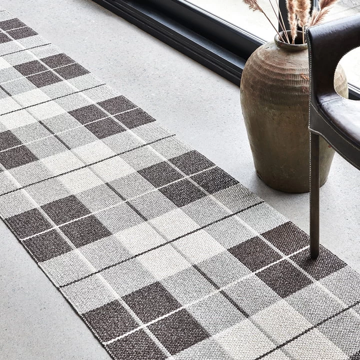 De Zweedse studio Pappelina produceert tapijten in tijdloze patronen van PVC die geschikt zijn voor gebruik binnen en buiten. Op die manier creëren zij diverse en tijdloze designaccenten. De tapijten worden op traditionele weefgetouwen in Zweden vervaardigd en inspireren door hun robuustheid en onderhoudsvriendelijkheid – en natuurlijk door hun buitengewone design.
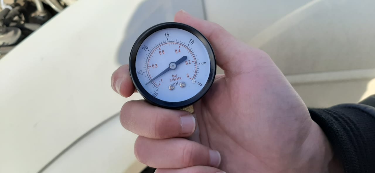 Как уже писал выше, свист при стоячей машине при нажатии педали газа не слышен. Посмотрел за штоком привода управления геометрией лопаток на горячей стороне турбины. Визуально вроде открывается. Решил помочь отверткой - https://youtu.be/ls77T-wEwN4 и о чудо ... при нажатии отверткой оказывается можно переместить шток на 2мм до своего упорного винта, и как раз при этом и раздается характерный свист. Причём когда свиста нет, то патрубки в от турбины можно спокойно продавить руками, давление во впускном коллекторе при этом составляет 16.5 psi/ А когда свистит при нажиме на шток, давление заметно возрастает до 19.4 psi, и продавить их тяжело. Да на всякий случай измерил давление в вакуумной системе манометром. Оно составило -0.96 Бар. Вполне себе нормально я считаю.
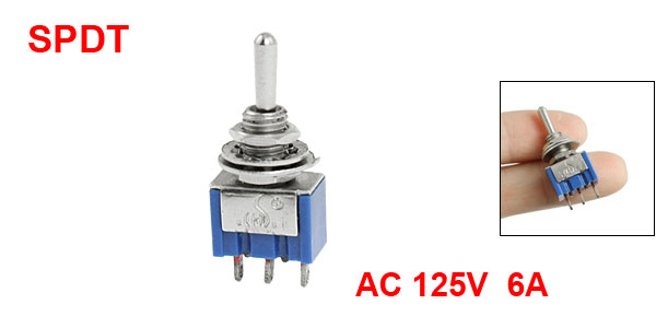 DetailsOn/Off/On SPDT 3 Ternimals AC 125V 6A Miniature Toggle Switch  Product Name Toggle Switch Rating AC 125V 6A Pin Number 3 Pins Position 3(On/Off/On) Type SPDT(Latching) Screw Diameter 5.7mm / 0.224" Total Size(Approx.) 3.2 x 1.3 x 0.8cm / 1.3" x 0.5" x 0.3"(L*W*T) Weight 6g Package Content 1 x Toggle Switch

• **Work request**
Reproduce the whole listing word for word, setting aside any pictures.

• **Response**
 De Zweedse studio Pappelina produceert tapijten in tijdloze patronen van PVC die geschikt zijn voor gebruik binnen en buiten. Op die manier creëren zij diverse en tijdloze designaccenten. De tapijten worden op traditionele weefgetouwen in Zweden vervaardigd en inspireren door hun robuustheid en onderhoudsvriendelijkheid – en natuurlijk door hun buitengewone design.
 Как уже писал выше, свист при стоячей машине при нажатии педали газа не слышен. Посмотрел за штоком привода управления геометрией лопаток на горячей стороне турбины. Визуально вроде открывается. Решил помочь отверткой - https://youtu.be/ls77T-wEwN4 и о чудо ... при нажатии отверткой оказывается можно переместить шток на 2мм до своего упорного винта, и как раз при этом и раздается характерный свист. Причём когда свиста нет, то патрубки в от турбины можно спокойно продавить руками, давление во впускном коллекторе при этом составляет 16.5 psi/ А когда свистит при нажиме на шток, давление заметно возрастает до 19.4 psi, и продавить их тяжело. Да на всякий случай измерил давление в вакуумной системе манометром. Оно составило -0.96 Бар. Вполне себе нормально я считаю.
 DetailsOn/Off/On SPDT 3 Ternimals AC 125V 6A Miniature Toggle Switch  Product Name Toggle Switch Rating AC 125V 6A Pin Number 3 Pins Position 3(On/Off/On) Type SPDT(Latching) Screw Diameter 5.7mm / 0.224" Total Size(Approx.) 3.2 x 1.3 x 0.8cm / 1.3" x 0.5" x 0.3"(L*W*T) Weight 6g Package Content 1 x Toggle Switch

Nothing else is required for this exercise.